Rob also discusses a provincial program on the way out in PEI called Best Start -- it's worth the read if you're at all interested in how helping kids early can pay dividends later on.


Phil from the UK said...

I agree. For most people, everything changes when you have children. Lifestylism takes on a completely new hue.

A couple of thoughts:

1. To me a happy childhood is far more important than a childhood steeped in formal achievements, examinations passed, musical instruments learnt, hurdles jumped etc. These formal metrics and happiness are not mutually exclusive I know, but my experience is that too much formal pressure of any kind on a child is generally not conducive to real happiness and a well rounded, secure adult.

A couple of great books on bringing up kids: "Raising Boys", (not much good to you J with 2 daughters!!!) and The Secret of Happy Children", both by Steve Biddulph.

2. I also do not think there is any such thing as alloting "quality time" to kids. For kids, all time is quality time. You can't marginalise your children and fit them in around work, your hobbies, the pub etc. They can see straight away that they are playing second fiddle and will despise you for trying to kid them on. Kids are far quicker at sensing this sort of stuff than adults realise. For me, they are INTEGRAL to your life.

By example, take a kid and how he or she develops a sense of humour - one of the most important assets in anyones life.

A child doesn't learn it from a book or from an hour here or there from it's parents. Rather, it is a long process of almost osmosis. It seeps in from long term time spent with parents and other children. You have to just have lots of time laughing together and let it take it's course and happen. You can't instill it by alloting a bit of quality time here or there.

I think this applies to the really important things for children to have. Social skills and social adeptness generally are also picked up in the same way. It is a long process. Bringing up kids is as much about process, how you do it; as it is content, ie what you are doing or saying.

A great website by the way. You have got a really phenomenally interesting collection of ideas that you are choosing to call Lifestylism. I don't like the name much, but for the life of me can't come up with anything better for what you are describing here.

I have got a list of excellent literature and articles on this whole area. I have been interested in the area of lifestyle development, soft systems and how they are applied in a business or corporate context for years. Quite a bit of this thinking maps across to what I would call "Real Life" as opposed to corporate life. I did an MSc in Management Systems. Not IT type systems, but mostly spent on holistic methodologies for solving complexity, (sometimes called subject neutral systems). This thinking and many of the approaches are generic and can be usefully applied outside of corporate life. Lots of the thinking I heard about can be applied to real life issues.
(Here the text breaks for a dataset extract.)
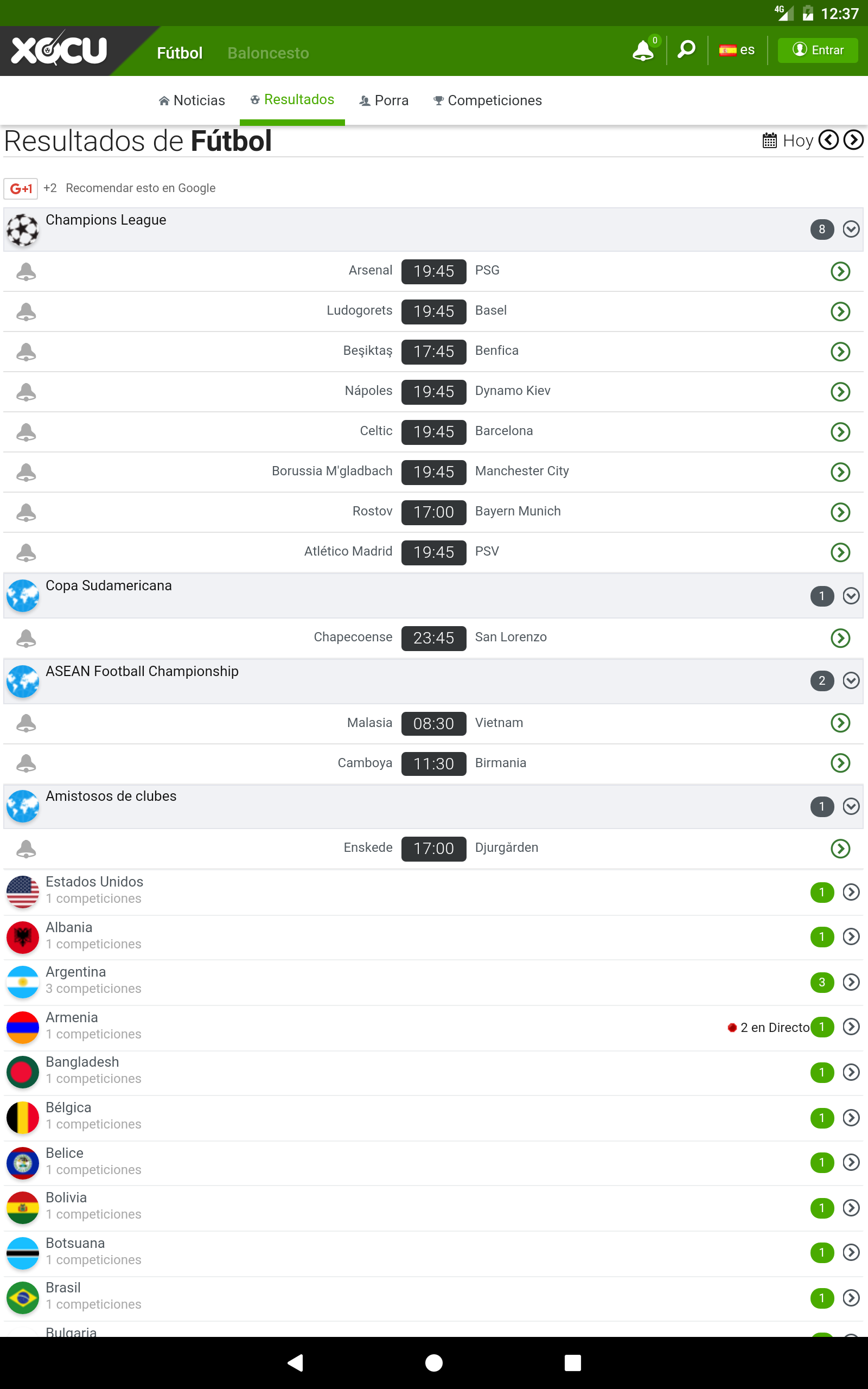Everything you want to know about soccer is in Xocu. Never again miss a soccer match because you can follow live and know the results of more than 400 competitions of all the world and you can receive real-time notification. And if you think you know the outcome of the next match, you can prove predicting results in the World League Draw competition! Also, you can challenge your friends and create your own draw. In addition you will be able to be informed of all the news and select the information you want to see with the favorite option. MAIN FEATURES: Live matches Do not miss any match! Follow minute by minute and stay informed of the progress of the game with live commentary. Notifications and Alerts in real time Goals, red cards, yellow cards, start and end game and favorites. Follow your favorite teams You're the one who decides what information you want to receive, customize the App with the information you want to receive and follow only the parties, equipment and comepticiones that interest you. Diary matches of each day Match schedule, stadium and option to add to favorites that generate alert for not to miss the match, and notice of start and end. The best odds on every game If you like sports betting, you'll find the best odds for each match of the main sportsbook Videos of goals and match summaries All information of the previous Lineups and Statistics of previous matches, games won, goals conceded, cards, game statistics, videos of goals and match summaries. Topicality and sports news The news that really interest you in the news section, summaries of each day, soccer curiosities and all told from an objective point of view and without sensationalism. Also, you can share with your friends the news that you like through your social networks (Facebook, Twitter and Whatsapp). Participates in the Draw Prove you're the best forecasting results in World League Porra, you will win a shirt of your favorite team if you are getting the most points in a month. And if you are in the top ten of forecasters you will enter in the draw for a shirt. In addition to the end of the season you'll get another prize. Make your own draw Create draw leagues with your friends, what competitions you like to follow? Do you think you can beat your friends forecasting results? Well, make your Draw League! Sync your devices Sync your devices, with user registration can receive all the information on your phone and tablet. Expands sports coverage Football, Basketball, Tennis LEAGUES AND NATIONAL COMPETITIONS - LaLiga - Copa del Rey - LaLiga2 - Spain Supercopa - Second Division B - Third division OUTSTANDING COMPETITIONS - Champions League - Europa League - England: Premier League - Germany: Bundesliga - France: Ligue 1 - Italy: Serie A - Argentina: Primera Division - Mexico: Liga MX - Portugal: Primeira Liga - United States: Major League Soccer SELECTIONS - Eurocup - America Cup - Asia Cup - Copa Libertadores - African Nations Cup - Copa Conferedaciones - Copa Colombia - Chile Cup - Copa do Nordeste - Copa do Brasil

I've got many thoughts on Lifestylism and how life and work can co-develop, (I also dislike the phrase work/life balance). I'll post again when I've got a bit more time. For me though, work and life are still quite separate. Life is far more important than work everytime

Jeremy said...

Wow, Phil. Thanks for this extensive response!

Looks like we've got lots of common ground here. I like what you've said about happy childhoods and quality time. The humour example is excellent -- difficult to quantify or measure, of course, but I think you're onto something.

I don't really like the Lifestylism label much either, but it seems to be working ok as a bucket to throw these ideas into. Glad you're seeing some value. Please comment whenever you feel like it -- I always appreciate feedback. It sounds like you've got the basis for a great site on your own! Let me know if you get one up and running.

Thanks again!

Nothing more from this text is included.